I inserted the pills the next morning as instructed. Even though the counselor had explained what would happen, I didn't know exactly how it would go. It seemed to me like it wouldn't be a good idea to go to church, so I got back into bed and asked Joy to tell Mom and Dad that I wasn't feeling well.
Surprisingly, Mom and Dad were perfectly okay with me staying home. Mom just came in to check on me briefly to see if I was okay and that was it. I guess I figured that since this whole weekend was such an incredibly wrenchingly big deal for me, that they should somehow be suspicious about it. But since I had always been a good girl and had never given them that much of a hard time about not wanting to go to church, they apparently were willing to take my excuses at face value and trust me.
Once the family was gone, the cramps and bleeding started as expected. I took the painkillers and tried to relax. This was the first part of the whole experience that was actually painful, but in fact it wasn't as bad as the terror and emotions of the earlier parts. At this point I was so emotionally drained that I could hardly feel anything more about it. It seemed like this stage was more housekeeping than anything else, and all I could bring myself to feel was relief that all of this would soon be over. Essentially I felt like I'd dodged a bullet.

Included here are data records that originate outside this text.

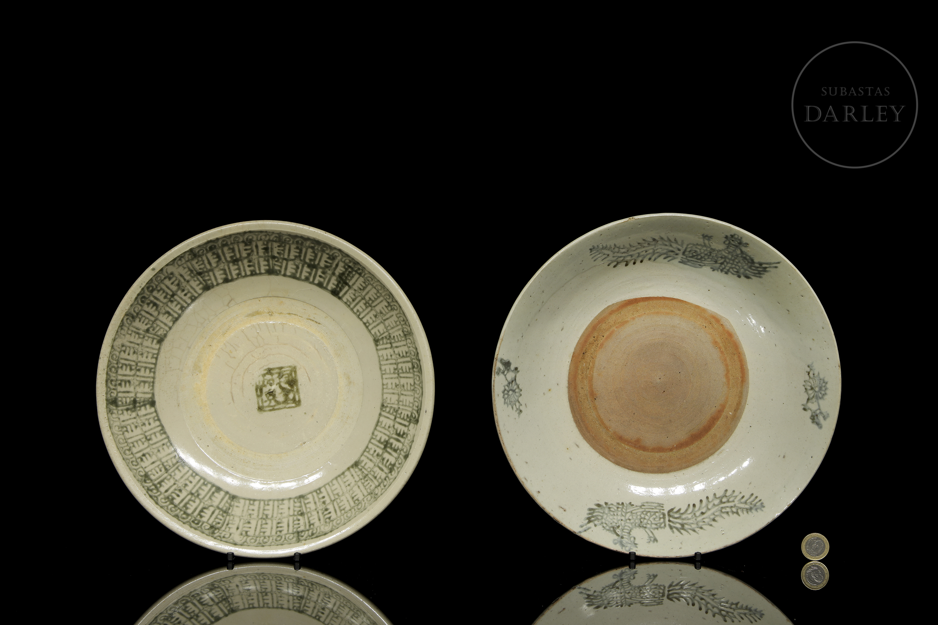 Cerámica esmaltada con decoración bajo vidriado en blanco, azul y verde. Poseen un cuerpo circular y paredes ligeramente acampanadas, asentados sobre un pequeño pie anular. Están decorados, uno de ellos, con un motivo de aves Fénix y flores, y el otro, con cenefas de patrones geométricos. Dinastía Qing (1644-1912).
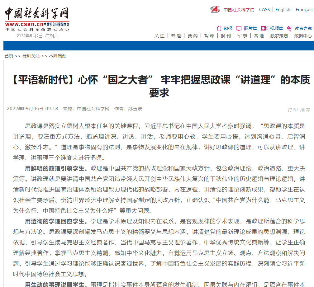 用透彻的学理回应学生。学理是学术原理及知识内在联系,是客观规律的学术表现,是政理所蕴含的科学思想与方法论。思政课要深刻阐发马克思主义的精髓要义与思想内涵,讲清楚党的最新理论成果的思想渊源、理论依据,引导学生读马克思主义经典著作、当代中国马克思主义理论著作、中华优秀传统文化典籍等。让学生正确理解经典著作,掌握马克思主义精髓,感知中华文化魅力,自觉运用马克思主义立场、观点、方法观察和解决问题,引导学生通过学习理论能够正确认识客观世界,了解中国特色社会主义发展的实践历程,深刻领会习近平新时代中国特色社会主义思想。
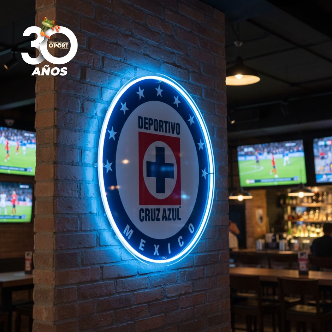 💙 Iluminación uniforme con halo neón brillante. 💡 Bajo consumo energético y gran durabilidad. ⚽ Ideal para decoración interior o colecciones de fans. 🇲🇽 Fabricado por Oport — 30 años de experiencia nos respaldan.
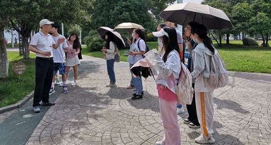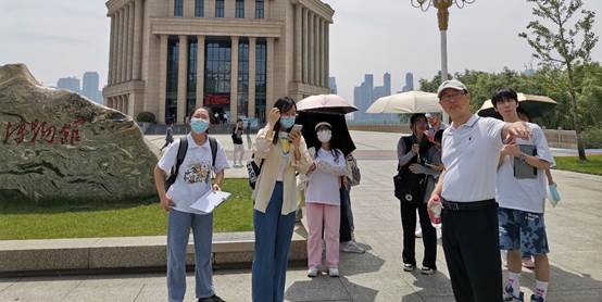 在横渡长江博物馆中,实习师生参观了“击水中流”、“情系长江”、“大江弄潮”三大展区。通过现场的参观与学习,学生们了解到毛主席多次横渡长江的事迹,以及武汉多年以来的渡江文化。在参观防洪纪念碑时,张祥老师向同学们介绍了武汉的抗洪历史,向同学们讲述了伟大的抗洪精神,教育全体同学应该培养爱国主义精神。同时指出城市因水而兴,教导学生要爱护水资源,培养爱护环境,守护美好家园的意识。
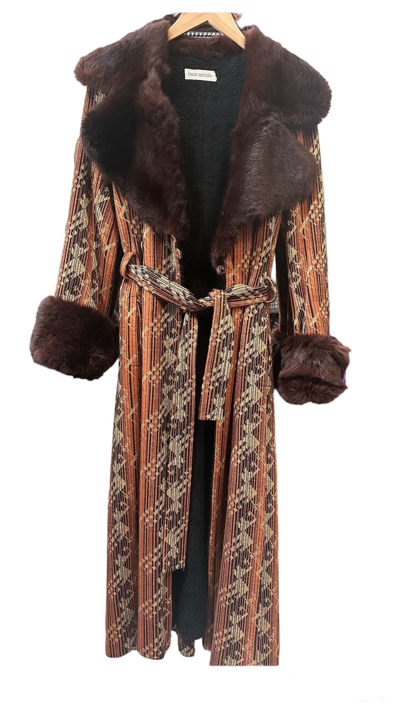Vintage 60-70’s Hans Metzen fur trim coat. Metallic gold, orange, black, real dark brown fur, black fleece lined. Size small will fit size 0-4.

Alone in the house and calm, I felt like it was finally time to start the repentance process. Not including the usual family and church prayers I hadn't prayed once since that first incident with Walter. Now it was time.
I got down on my knees as best I could with the cramps. I prayed earnestly and sincerely for forgiveness for all of the terrible things I had done. Then I pleaded with my Heavenly Father to give me the strength never to do any of that again nor even to want to.